Vers l’intensification céréalière

bleLa finalisation des listes des candidats à la prochaine course électorale, prévue le 29 novembre, a pesé de tout son poids sur la scène politique témouchentoise et provoqué une sorte de parasitisme à l’ensemble des activités saisonnières dont plus particulièrement la préparation et le déroulement de la campagne labours-semailles. Avec l’arrachage non programmé de plusieurs milliers d’hectares de vigne, la superficie prévisionnelle à emblaver dans la wilaya d’Aïn Témouchent devait, logiquement, dépasser le seuil de l’année passée, estimé par les services concernés à quelque 94.000 ha. Les superficies réservées aux légumes secs avoisinent les 5 à 6.OOO ha, chaque année et le gros est consacré à la culture du pois-chiche.

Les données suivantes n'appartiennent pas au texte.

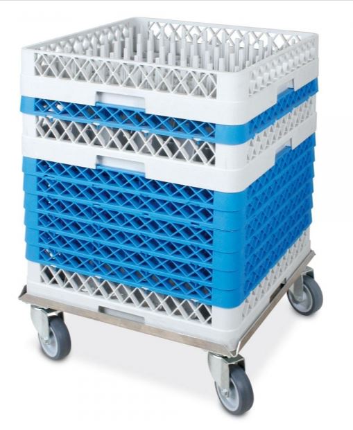Für den leichten und sicheren Transport von Gläser- und Geschirrkörben. Der unten offene Aluminium-Rahmen ermöglicht schnelles Trocknen und verhindert Kondenswasserbildung. Mit vier verzinkten Lenkrollen und großen, laufruhigen Gummirädern. Tragkraft jeweils 250 kg.

Cependant, lors de la visite effectuée par le wali dans la localité de Saïda où il lui a été présenté le projet de désenclavement de pas moins de 10.000 ha sur une longueur de 10 km, le directeur des Services agricoles (DSA) a fait savoir à la délégation que ces terres sont très fertiles et à haut rendement. Cette année des pics de plus de 40 q/ha ont été enregistrés dans cette vaste étendue de la M’léta. Mais le zoning établi par l’ex-DSA considérait la M’leta comme étant une zone secondaire qui ne bénéficie pas des mêmes avantages en terme d’aides de l’Etat que la zone d’extension céréalière constituée par l’axe: Aoubellil/Aghlal/Aïn El-Kihal/Témouchent et Chaâbet el-Leham (partiellement). A vrai dire, ce paradoxe devait disparaître et réhabiliter cette plaine, destinée exclusivement à la céréaliculture, paraît une disposition règlementaire nécessaire que devrait prendre la DSA.
Cependant, il y a un détail qu’on oublie toujours de mentionner dans les statistiques d’emblavures. En effet, beaucoup de fellahs ne pratiquent que la monoculture céréalière et par conséquent optent pour un assolement biennal céréales-jachère. Très rares sont les agriculteurs qui pratiquent un assolement triennal céréales-légumineuses-cultures maraîchères par exemple. Ceci dit les terres laissées en jachère sont-elles ou pas comptabilisées dans le chiffre prévisionnel ci-dessus cité? Dans les deux cas, il y a lieu de le préciser car la jachère représente approximativement 10 à 15% de la SAU qui est de l’ordre de 200.OOO ha. Tout l’intérêt doit être focalisé sur cette question qui nécessite une réflexion de la part de l’autorité agricole et des associations professionnelles.
L’objectif le plus important à atteindre, toutefois, est d’arriver à faire admettre aux fellahs la nécessité de suivre l’itinéraire technique.